Работа на природе и в мастерских была основным делом и воспитанников, и воспитателей. Они не просто показывали детям, как нужно трудиться, а трудились вместе с ними, вместе обедали, вместе жили — в одном деревянном доме по 15 мальчиков на одного воспитателя, они назывались «семьей». «Нужно только дружно работать и подавать питомцам личный пример в этой суровой жизни, нужно идти впереди их», — считал Герд.

В перерывах между работой у детей проходили занятия. С безграмотными занимались воспитатели — преподавали основы арифметики, грамоту и Закон Божий. С грамотными занимался сам Герд — кроме прочего, преподавал любимую биологию, рисунок и черчение для работы за станками. В расписании также были подвижные игры, обязательно совместные. Всё это помогало сплотить «маленьких дикарей».

«Колонисты встают к 6 ч. утра: дети сами убирают за собой постель и около 7 ч. собираются на общую молитву, после молитвы сходятся на завтрак, а с 8 ч. следуют уроки, с 9 ½ до 12 — работа. С 12 до 1 часу — обед, а после обеда — два часа свободного времени. С 3 до 5 ½ — опять работа, с 6–7 ч. — уроки, в 8 ч. вечера ужин, а в 10 ч. дети уже спят. Летом во время сенокоса уроки бывают прекращены».

Расписание в колонии, описанное в очерке в газете «Нива», 1906 год

Система наказаний тоже строилась вокруг совместной деятельности. Согласно Уставу колонии, провинившегося воспитанника могли публично отчитать, не допустить к общим играм, отправить на работы «отдельно от товарищей» или арестом в «Петропавловку» — так мальчики называли избу на краю колонии, в которую сажали за тяжкие нарушения. Выбирали наказание воспитатели тоже всей «семьей», обсуждая его с детьми, чтобы каждый чувствовал ответственность друг за друга.

Телесные наказания в уставе не значились и, судя по документам, ни разу не применялись. Хотя Министерство внутренних дел не раз предлагало их добавить, наряду с лишением еды. Герд посчитал это излишним даже для таких детей.

«Известно, что наказание само по себе не имеет абсолютного значения и сила влияния наказания вовсе не зависит от силы причиняемых им физического лишения или страдания.

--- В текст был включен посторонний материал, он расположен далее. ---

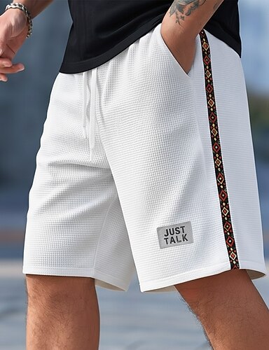 Herre Geometrisk Etnisk Vaffelshorts Svette shorts Casual shorts Medium Midje Fashion Casual Feriereise Jogging Trening Med Tekstur Elastisk snøring i midjen Shorts med lommer Designer Klær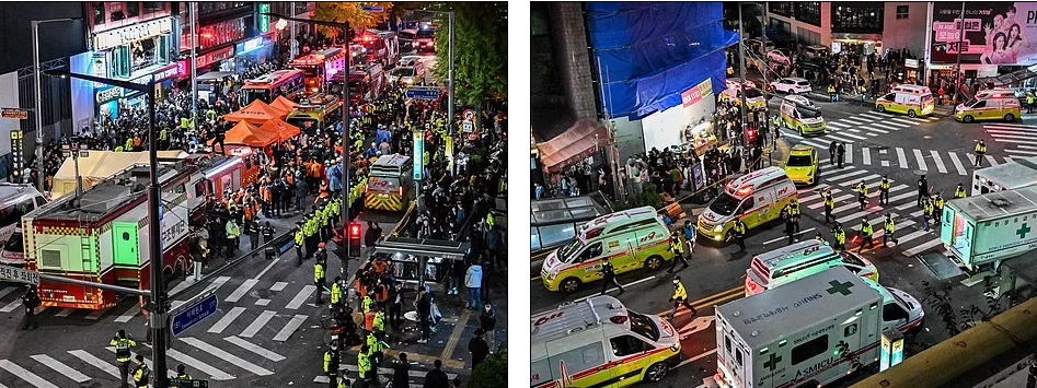 尹锡悦正在主持一个紧急会议,下令治疗和疏散灾区民众应该是当务之急,并宣布全国哀悼一周并以及政府大楼和公共办公室降半旗致哀。据目击者说,周六晚上梨泰院地区的人群激增造成了“地狱般的”混乱,人们“像多米诺骨牌一样”互相撞倒,一些人在接受心肺复苏时鼻子和嘴巴流血,而另一些人穿着万圣节服装继续在附近唱歌跳舞,完全没有意识到情况的严重性。还有些人称,在悲剧发生前的几个小时里,他们几乎没有看到人群控制和警察在场。“我还是不敢相信发生了什么。就像地狱一样,”梨泰院一家促进旅游业发展的非营利组织的官员金美成(Kim Mi Sung,音译)说。

Совершенно ничтожное абсолютно взыскание, простое слово, сказанное вовремя, часто сильнее действует на ребенка, чем строгое наказание. Всё зависит от общей системы отношений воспитателей к детям и уменья понимать их натуру и их свойства. <…>

Мы думаем, что правильное воспитание не нуждается вовсе в наказаниях, если оно владеет всеми необходимыми средствами и нужными педагогическими силами. Потребность в наказании является только с того момента, когда ощущается недостаток воспитывающих, по качеству или по количеству. Это общее правило одинаково применимо как в семье, так и в школе и, разумеется, всецело должно применяться и по отношению к малолетним преступникам».

А. Герд, «Общество, воспитывающее малолетних преступников», 1873 год

О том, как сложилась судьба первых выпускников колонии, доподлинно неизвестно — по некоторым данным, рецидивистов среди них было около четверти. Перед первым выпуском Герд просил комитет общества разработать меры поддержки, чтобы преступники не вернулись к прежнему образу жизни, но ему отказали, и он стал заниматься этим сам.

Коллега Герда, Резенер, который руководил ремесленным приютом при колонии, в 1873 году ушел со своего поста — по одной версии, из-за болезни, по другой — из-за недовольства результатами. Руководить приютом тоже назначили Герда. Он же считал, что ремесленный приют не сможет достичь тех же результатов, что и сельскохозяйственный: после выпуска воспитанники уйдут на производства в город, где с большей вероятностью вернутся к преступной деятельности.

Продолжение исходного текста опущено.